Public transport shut down countrywide, trade unions said, while there were reports of roads barricaded by burning tyres in the south and low worker turnout for the key mining industry. "We are taking this town," one speaker told demonstrators at a rally in Pretoria.
Others said high prices were further hurting the poor in a country where around 40 percent of the estimated 48 million people are unemployed and more than four million are believed to be living in dire poverty. "The prices must come down," said 16-year-old Dutch Thomas, among the protesters in Pretoria, adding that his mother was struggling with the increases.
"It will force me to steal in order to survive because of these high prices." There were widespread reports of low worker turnout, with some companies shutting down for the day. "There is no public transport. The mining industry is closing down," said Patrick Craven, spokesman for trade union federation COSATU, a junior partner in President Thabo Mbeki's governing coalition.

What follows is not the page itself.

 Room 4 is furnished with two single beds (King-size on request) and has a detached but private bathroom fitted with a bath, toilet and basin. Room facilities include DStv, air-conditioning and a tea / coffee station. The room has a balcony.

Gold Fields, South Africa's largest gold producer, said worker turnout ranged from between seven and 40 percent, while Volkswagen closed its plant in the south-eastern city of Port Elizabeth. Long lines of people waited for buses and taxis in the economic capital of Johannesburg.

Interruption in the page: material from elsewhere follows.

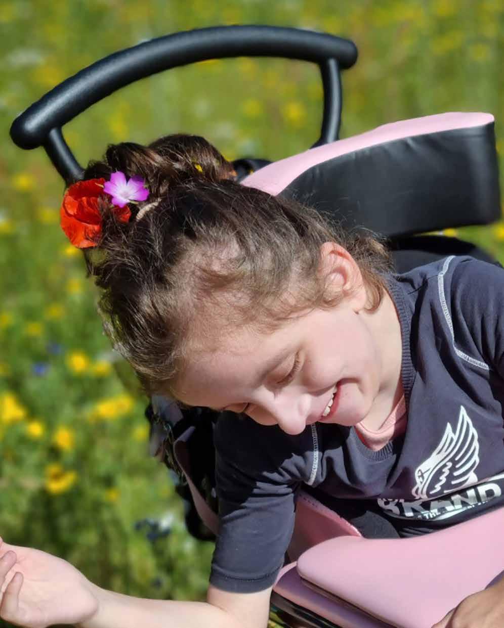 Elf jaar later is Jip volledig rolstoelafhankelijk, non-verbaal, krijgt ze sondevoeding via een MIC-KEY-button, heeft ze een forse scoliose, veel epileptische activiteit en een ernstige prikkelverwerkingsstoornis. Door geluid, drukte, onverwachte gebeurtenissen raakt Jip zo erg overprikkeld dat dit zich uit in automutilatie en agressief gedrag. Dagelijks slaat ze zichzelf met volle vuisten in het gezicht, met flinke blauwe plekken en builen tot gevolg. We proberen haar af te leiden met iets wat ze normaal gesproken erg leuk vindt, maar vaak geeft dit alleen meer onrust en gaat ze zich even later weer slaan. Haar bandbreedte in de verwerking van prikkels is heel erg smal, wat vandaag voor overprikkeling zorgt kan morgen onderprikkeling zijn voor haar. In een kliniek observeerden ze Jip voor drie maanden om te kijken waar haar gedrag en onrust vandaan komt. Onder narcose bekeken ze haar gebit, uit een 24 uurs-EEG bleek dat ze veel epileptische activiteit heeft en ze is van top tot teen nagekeken om lichamelijke (pijn)klachten uit te sluiten. In goed overleg met de orthopedagoog en de Arts VG zijn we gestart met gedragsregulerende medicatie. Een ontzettend moeilijke beslissing, maar we besloten het een kans te geven met het medicijn Risperidon. Na een aantal weken was ze niet meer de vrolijke, goedlachse Jip. Ik had er vooral veel moeite mee dat ze geen plezier meer beleefde aan de activiteiten waar ze normaal zo van genoot. Dit maakt je zo verdrietig dat je je afgevraagt wat de juiste beslissing is. We besloten de Risperidon af te bouwen en het te proberen met het medicijn Dipiperon. Momenteel zit ze in de testfase, maar hopelijk brengt dit medicijn haar de rust die ze verdient.

"We've been waiting here for about three hours," olokwane, 21, who had tried to attend her computer class but the school was closed. "I do support the message, not the strike. They shouldn't have stopped the transport."
Nearly two million members of 21 trade unions in the private and public sectors had been mobilised to march in major cities across the country, according to COSATU. Those in the capital handed a list of demands to the government's Energy Department centering on electricity.
The cost of power cuts should not be borne by the poor, the list said, while also calling for an energy efficiency campaign. "The issues they raised are not populist - they are realistic and they are surmountable," Bheki Khumalo, a spokesman for the department who received the list, told AFP.
The strike followed smaller regional protests in the weeks leading up to Wednesday's action after a recent move by energy giant Eskom to raise electricity prices for the second time since December, amounting to an average hike of 27.5 percent. It also comes as prices have risen sharply for many basic goods, mirroring trends that have occurred both regionally and across the world. The country's growth in the first quarter measured 2.1 percent on a 12-month basis, down sharply from 5.3 percent in the last quarter of 2007, government statistics show. Inflation was 12.2 percent in June.
An electricity crisis earlier this year brought the mining industry to a halt, with shortages leading to severe blackouts. The National Union of Mineworkers, the largest of COSATU's affiliates with 320,000 members, said the mining industry would come to a standstill on Wednesday. Economists cast doubt on what effect the strike could have.
Professor Carel van Aardt of the Bureau of Market Research said reasons for the strike were understandable, but mass action was not the best solution. "I just believe the costs far outweigh the benefits," he said of the strike.
"On the other hand, if we ignore the plight of the poor people we're going to do it at our peril because this is a cry from the working and poor classes to do something dramatic."